Task goal: Retype, without pictures, the line holding "国潮风剪纸质感,拟人化柯基穿" and each line below it through the final line.
(Extracted material)
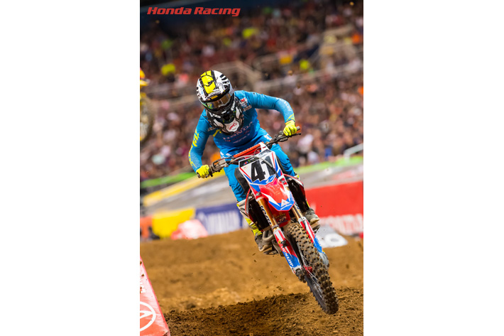土曜日のレースイベントに先立ち、Team Honda HRCのカナードは、ボーグル、RJ・ハンプシャー、マルコム・スチュワートとともに、毎年恒例になっているビッグセントチャールズ・モータースポーツで行われた販売店主催のスーパークロス・パーティに参加。サイン会を行うなどファンとの交流を図りました。
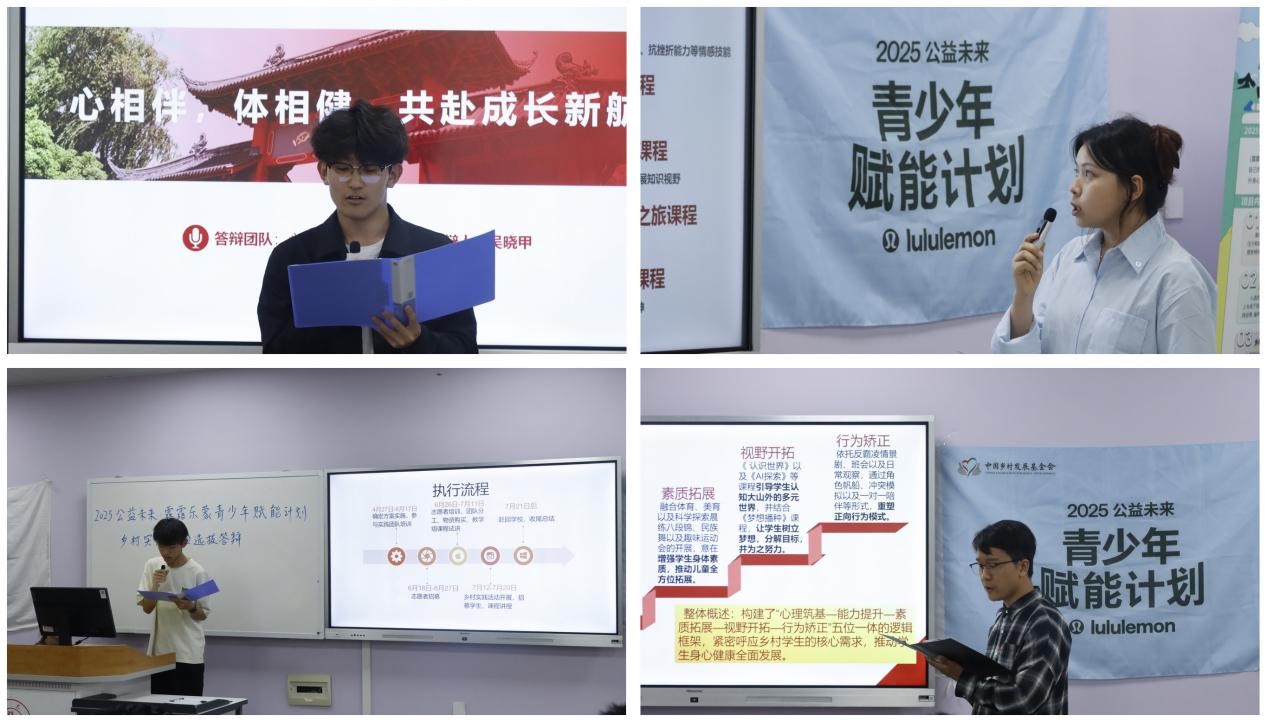 四月芳菲盛,公益正当时。4月,中国乡村发展基金会与lululemon联合发起的“公益未来·露露乐蒙青少年赋能计划”在学校持续开展。4月23日晚,新长城英国上市公司365自强社在江安校区举办了乡村支教实践队伍选拔答辩会,十支团队以专业方案竞逐区域赛资格。本次答辩汇聚学界、业界、公益界多方力量的十位专家组成评审团,从教育实践、产业资源、体育赋能等维度切入,为乡村公益项目“把脉搏”“开良方”。
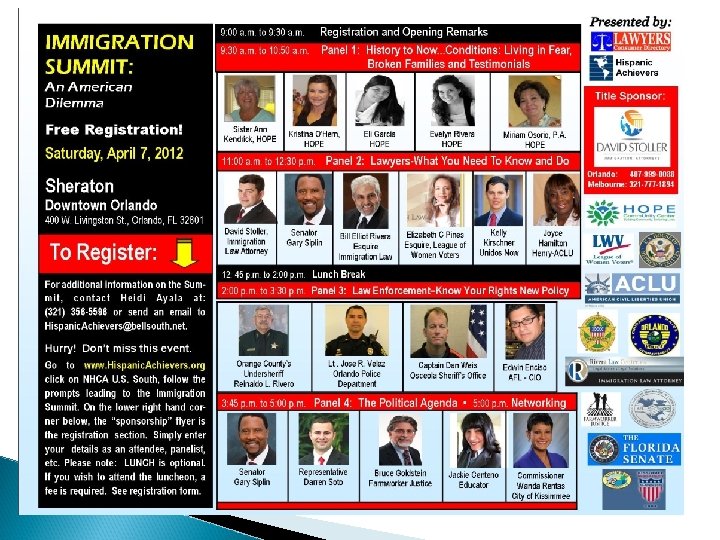 We accomplish our Mission by: 1. Our weekly Hispanics Speak. Out TV show which has been broadcast on Bright House Networks for 9 consecutive years. Chann el www. Hispanics. Speakout. TV 49 2. Promote the hiring, retention and promoting of Hispanic professionals at the Corporate level. www. Hispanic. Achievers. org 3. Promote the hiring of Hispanics in Central Florida by providing the community with Diversity Career Fairs.
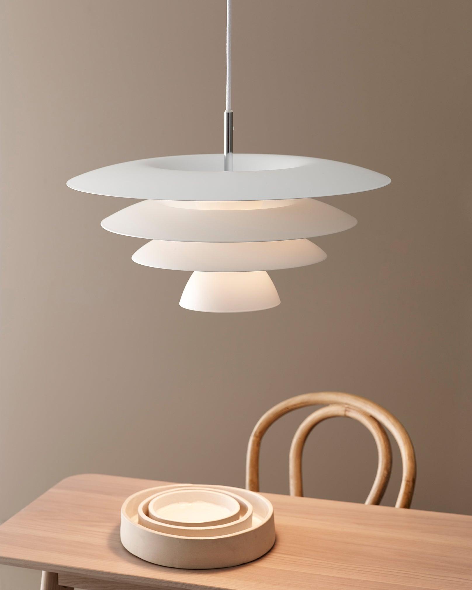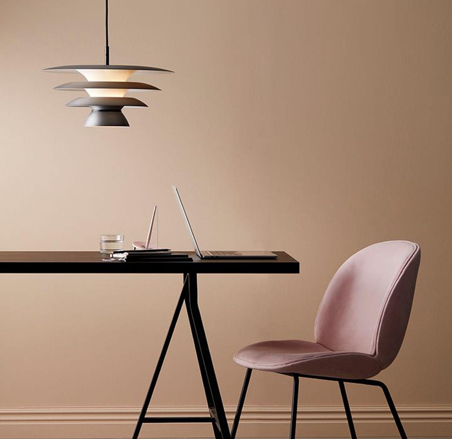 Elegant ceiling pendant from davinci made of metal with beautiful details in chrome. The design of the screen gives the light a pleasant spread where you place it.
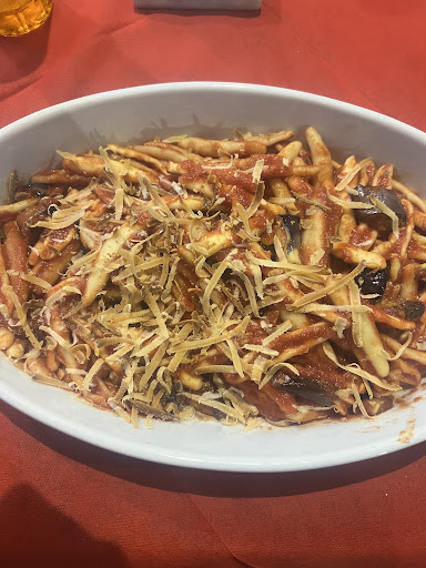 Read moreLeider fast nichts vegetarisches. Ich wollte eigentlich Spaghetti Pasta bestellen. Das einzige vegetarische war Pasta mit Tomatensoße. Diese war allerdings nicht wirklich lecker und ich hätte es zu Hause besser machen können, und die Nudeln kamen nicht als normale Spaghetti Nudeln an sowie die anderen Gerichte mit Fleisch, sondern waren solche Teig Nudeln wie man auf dem Foto sieht. Es hat mir leider nicht so geschmeckt. Vielleicht liegt es aber auch einfach an meinem persönlichen Geschmack. Hat sehr lange gedauert, bis ich die Rechnung bekommen habe, weil man dort leider viel ignoriert wurde als Tourist. An sich ging es aber schnell, bis ich mein Essen hatte. Auch die Aussicht ist schön, dass es direkt an einem See ist würde eventuell noch einmal zur Pizza kommen, aber...
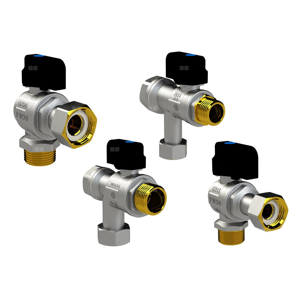 SENA Zestaw zaworów kulowych kątowych do kotłów GZ/GW/RN z filtrem i zaworem zwrotnym (150813 + 150814 + 150833 + 150834)
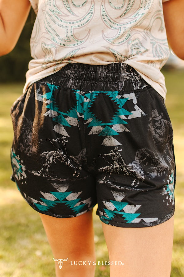 Embrace your bold western spirit with these eye-catching shorts featuring an authentic Southwestern Aztec pattern mixed with classic cowboy and rodeo imagery. The elastic waistband and relaxed fit deliver all-day comfort, whether you're heading to a festival, outdoor gathering, or just keeping it casual. Striking turquoise, black, and neutral tones make a statement that pairs perfectly with graphic tees, tanks, or western-inspired tops. Lightweight and breathable fabric keeps you cool and comfortable in warm weather. This is the standout piece your wardrobe has been waiting for.
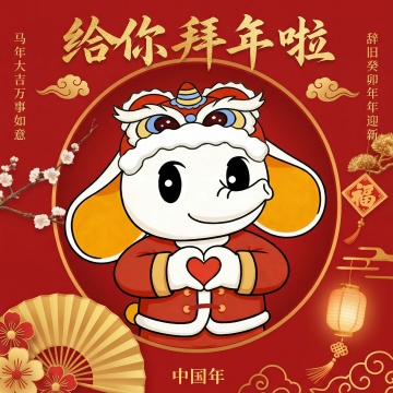国潮风剪纸质感,拟人化柯基穿唐装抱“福”字,红金配色喜庆浓郁,浮雕式灯笼与红包点缀,中式年味十足。
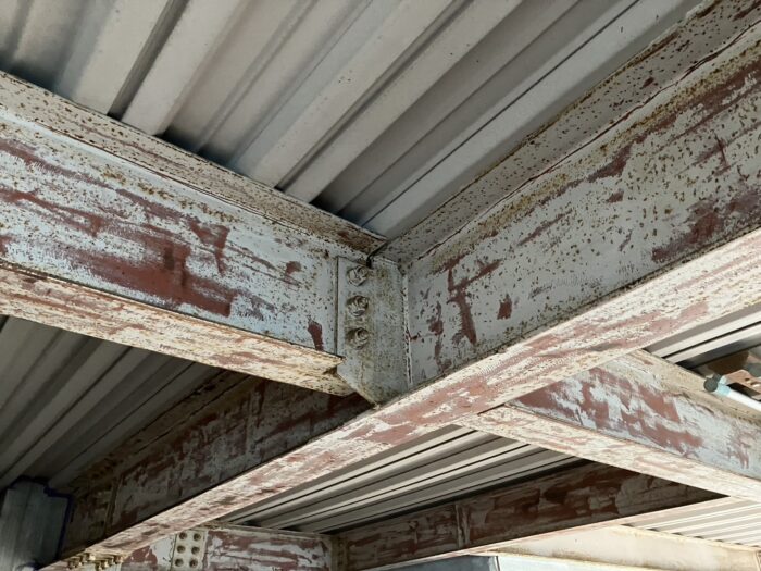 H鋼には元々錆止めとその上に塗料を重ねて塗装してあります。しかし、錆止めを塗装していても時間経過と室外ということもあり錆が浮き出てしまいます。
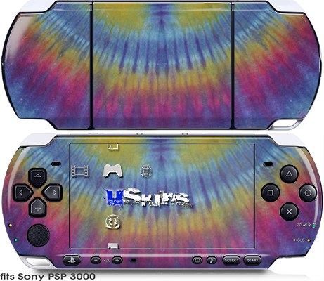Sony PSP 3000 Skin - Tie Dye Blue and Yellow Stripes
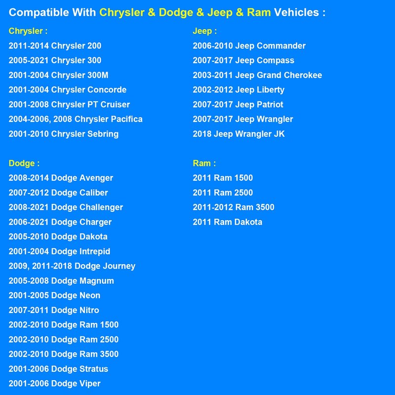 Compatible with Chrysler Vehicles:
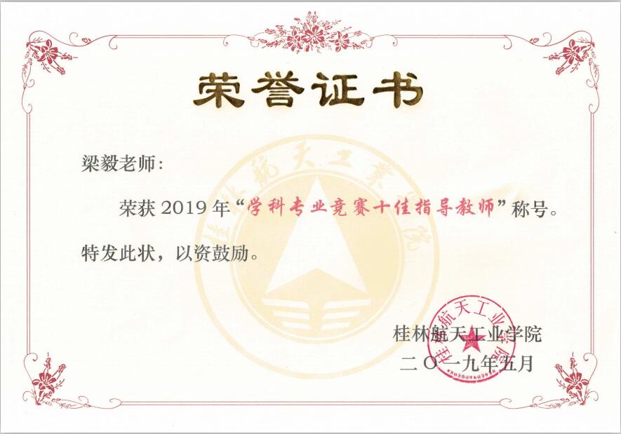 我院教师梁毅荣获2019年“学科专业竞赛十佳指导教师”称号
(End Extracted material)
Written answer:
国潮风剪纸质感,拟人化柯基穿唐装抱“福”字,红金配色喜庆浓郁,浮雕式灯笼与红包点缀,中式年味十足。
 H鋼には元々錆止めとその上に塗料を重ねて塗装してあります。しかし、錆止めを塗装していても時間経過と室外ということもあり錆が浮き出てしまいます。
Sony PSP 3000 Skin - Tie Dye Blue and Yellow Stripes
 Compatible with Chrysler Vehicles:
 我院教师梁毅荣获2019年“学科专业竞赛十佳指导教师”称号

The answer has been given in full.